Nem poderia ser de outro modo, já que os próprios músicos indicaram o nome do regente Yan Pascal Tortelier para assumir interinamente o lugar de John Neschling, demitido pelo Conselho
da Fundação Osesp em janeiro.
Mas isso em si não explica o
grau de empenho da orquestra,
da primeira à última nota do
concerto de abertura da temporada, anteontem, na Sala São
Paulo.
Empatia existe ou não existe.
Música é o resultado de muitas
coisas, algumas mais misteriosas do que outras.
Essa ligação de músico para
músico figura entre as principais na cozinha metafísica de
sons e afetos, cujo efeito qualquer plateia percebe. E a plateia percebeu: ovacionou maestro e orquestra já no final da
primeira parte; e saiu contente
para o intervalo, brindar à vida.
Três cenas
Três pequenas cenas resumem o enredo. Cena 1: a entrada de Tortelier, sério e compenetrado, para reger o Hino Nacional, como de praxe no primeiro concerto do ano. Sem falas, sem drama, um músico de
alto nível fazendo seu trabalho.
Cena 2: um lindo solo do clarinetista Ovanir Buosi, no
"Adágio" da "Sinfonia nº 2" de
Rachmaninov (1873-1943).
Não só o solo, uma pequena
maravilha de dinâmicas no limite do possível; mas o rosto da
flautista Jessica Dalsant, de
costas para Buosi, na cadeira à
frente, apreciando a arte do colega: uma sucessão espontânea
de pequenas expressões acompanhando a melodia, o tipo de
coisa que só acontece quando
os músicos estão de bem consigo mesmos e com a música.
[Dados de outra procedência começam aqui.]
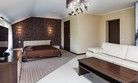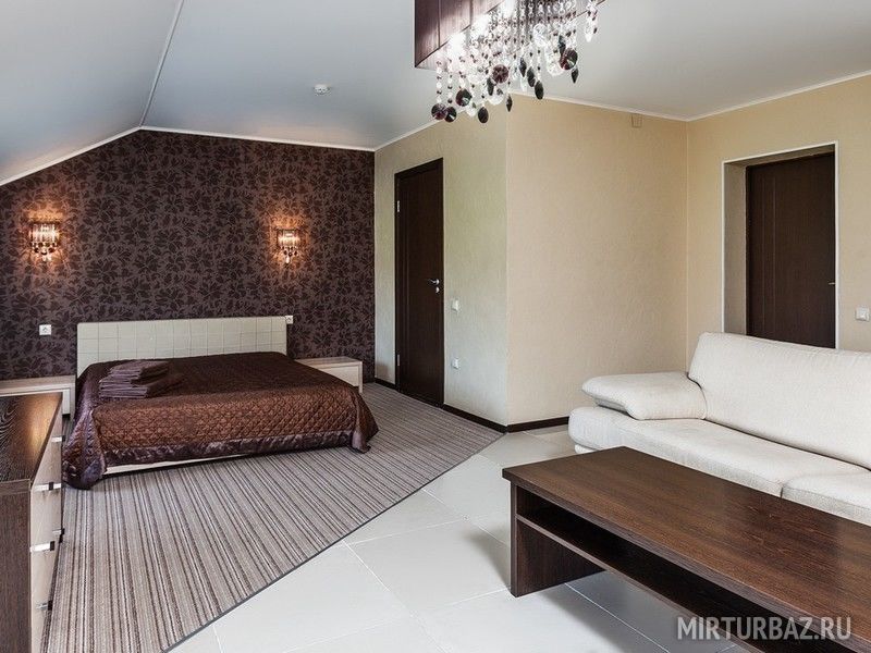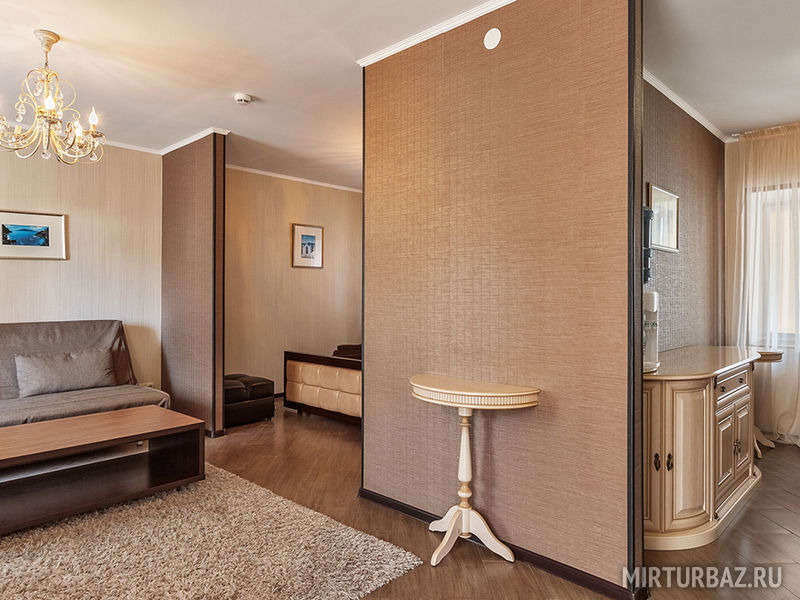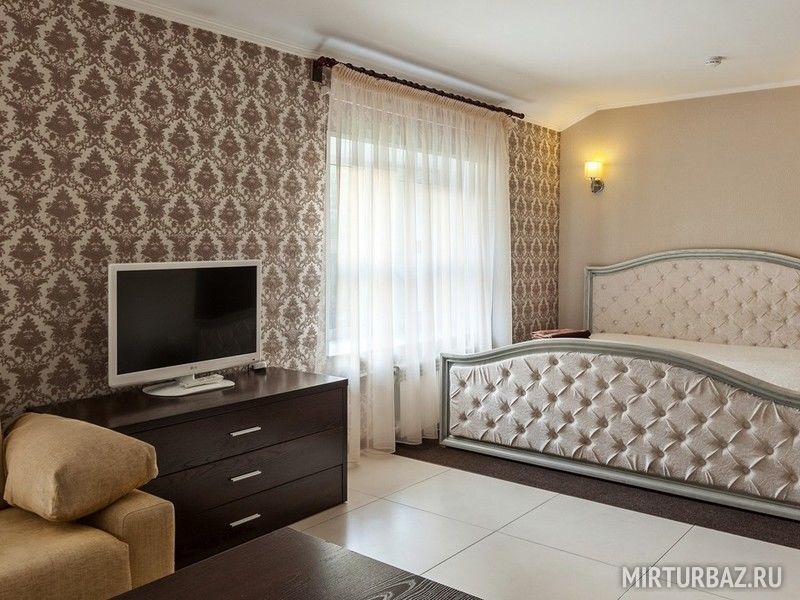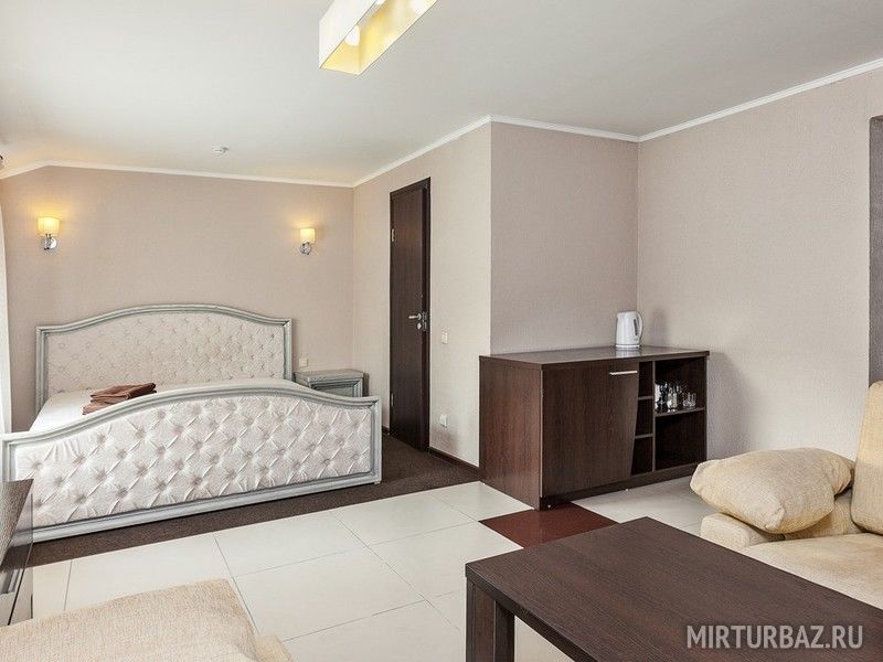 В номере: двуспальная кровать, диван, холодильник, плазменный телевизор, прикроватные тумбочки, журнальный столик, письменный стол, шкаф.

Na cena 3, a música já tinha
acabado e Tortelier voltava pela segunda vez ao palco para
agradecer. Fez sinal para que os
músicos levantassem, mas ninguém se mexeu. Sinalizou de
novo, mas os músicos insistiam
em ficar sentados, batendo palmas e batendo pés. Por fim, o
maestro deu um abraço no spalla Emanuele Baldini e subiu ao
pódio, para viver sozinho um
instante de felicidade.
Foi tudo bonito; tanto mais
nas circunstâncias, com a demissão traumática de Nesch-ling ressoando na rua Mauá e
1.001 comentários circulando
no meio.
Há muito tempo a Osesp não
tocava com tanta gana; violinos
e violas, em especial, deram um
show. Pelo menos no Rachmaninov. Antes disso, tocaram
com evidente brio as "Variações Enigma" de Elgar (1857-1934); mas fica difícil julgar, para quem estava no coro, atrás
da orquestra, ouvindo tudo
com a perspectiva invertida.
Tortelier regeu o programa
inteiro de memória. Mas essas
são peças que ele deve reger até
dormindo: classicões, mais para o gosto médio da plateia de
Manchester, onde ele foi regente titular da Filarmônica da
BBC (1992-2003) e segue regendo regularmente, do que
para os interesses avançados da
audiência da Sala São Paulo,
ensinada por Neschling.
Antes do concerto, havia
mesmo quem dissesse que uma
noite de Elgar e Rachmaninov
não parecia a melhor escolha
para abrir a temporada da
Osesp e que a programação caracteristicamente arrojada da
orquestra já corre risco.
Os defensores da mudança
respondem que a troca de regente se deu há meros 45 dias e
que o mais importante, nesta
hora, será garantir a continuidade do projeto.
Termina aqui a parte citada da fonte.